• PROBLEM TO WORK ON: Return all of the data exactly, omitting any images.

• SUPPLIED INFORMATION:
•••••
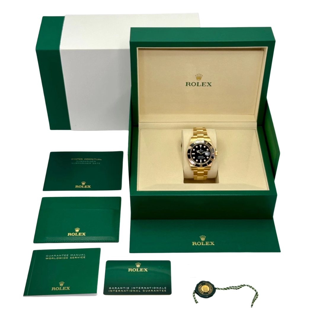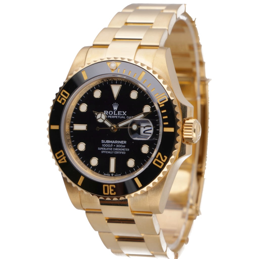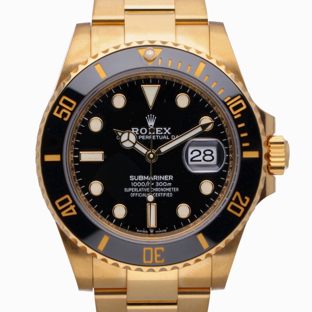 This Rolex Submariner reference 126618LN is crafted entirely in 18ct yellow gold, combining unmistakable presence with professional dive capability. The 41mm Oyster case is paired with a black Cerachrom bezel insert featuring gold numerals and graduations, while the black dial with luminous hour markers ensures exceptional clarity in all conditions. Fitted to the solid 18ct yellow gold Oyster bracelet, it delivers both weight and refinement on the wrist.
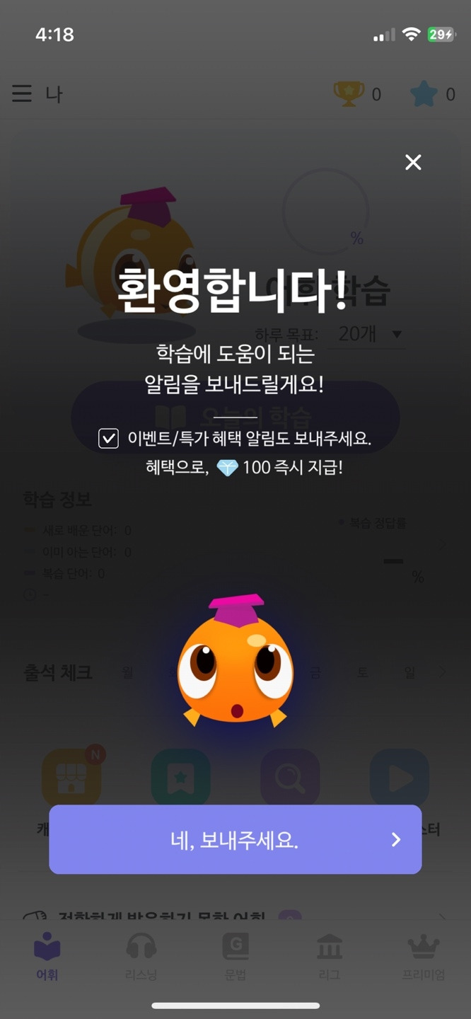 해지를 하는 사람도 있겠지만 이미 이 유저는 캐릭터가 너무 귀엽다. 거기에다가 빈칸에 채워넣는 영어단어를 매일 다 맞는것도 아닌지라 자존심도 조금 상한다.
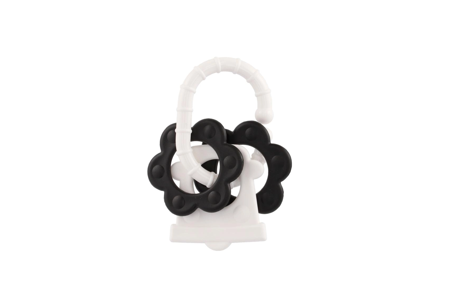 Atklājiet košļājamās rotaļlietas, kas īpaši izstrādātas pašiem mazākajiem – kontrastējošais melnbaltais dizains piesaista mazuļa uzmanību un palīdz stimulēt vizuālo uztveri. Pateicoties ērtajam rokturim, rotaļlietu ir viegli noturēt mazajās rociņās, bet grabulītis nodrošina maigu skaņas stimulāciju.
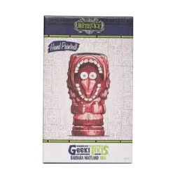 Convention Exclusive! Put on your scary face and grab “The Handbook for the Recently Deceased.” As you read through the instructions for your next move in the afterlife, enjoy a beverage with the “jaw dropping” scary-face woman. This creative and colorful Beetlejuice Barbara Maitland 19 oz. Geeki Tikis Mug – Convention Exclusive combines the popular character with the unique stylization seen in traditional Tiki culture and features a bright-red finish with white accents. It measures approximately 7-inches tall x 4 1/2-inches long x 3 3/4-inches wide and comes in closed box. This limited edition ceramic mug is top-shelf dishwasher and microwave safe. Order yours while supplies last! Ages 14 and up.
•••••
• EXERCISE RESPONSE:
 This Rolex Submariner reference 126618LN is crafted entirely in 18ct yellow gold, combining unmistakable presence with professional dive capability. The 41mm Oyster case is paired with a black Cerachrom bezel insert featuring gold numerals and graduations, while the black dial with luminous hour markers ensures exceptional clarity in all conditions. Fitted to the solid 18ct yellow gold Oyster bracelet, it delivers both weight and refinement on the wrist.
 해지를 하는 사람도 있겠지만 이미 이 유저는 캐릭터가 너무 귀엽다. 거기에다가 빈칸에 채워넣는 영어단어를 매일 다 맞는것도 아닌지라 자존심도 조금 상한다.
 Atklājiet košļājamās rotaļlietas, kas īpaši izstrādātas pašiem mazākajiem – kontrastējošais melnbaltais dizains piesaista mazuļa uzmanību un palīdz stimulēt vizuālo uztveri. Pateicoties ērtajam rokturim, rotaļlietu ir viegli noturēt mazajās rociņās, bet grabulītis nodrošina maigu skaņas stimulāciju.
 Convention Exclusive! Put on your scary face and grab “The Handbook for the Recently Deceased.” As you read through the instructions for your next move in the afterlife, enjoy a beverage with the “jaw dropping” scary-face woman. This creative and colorful Beetlejuice Barbara Maitland 19 oz. Geeki Tikis Mug – Convention Exclusive combines the popular character with the unique stylization seen in traditional Tiki culture and features a bright-red finish with white accents. It measures approximately 7-inches tall x 4 1/2-inches long x 3 3/4-inches wide and comes in closed box. This limited edition ceramic mug is top-shelf dishwasher and microwave safe. Order yours while supplies last! Ages 14 and up.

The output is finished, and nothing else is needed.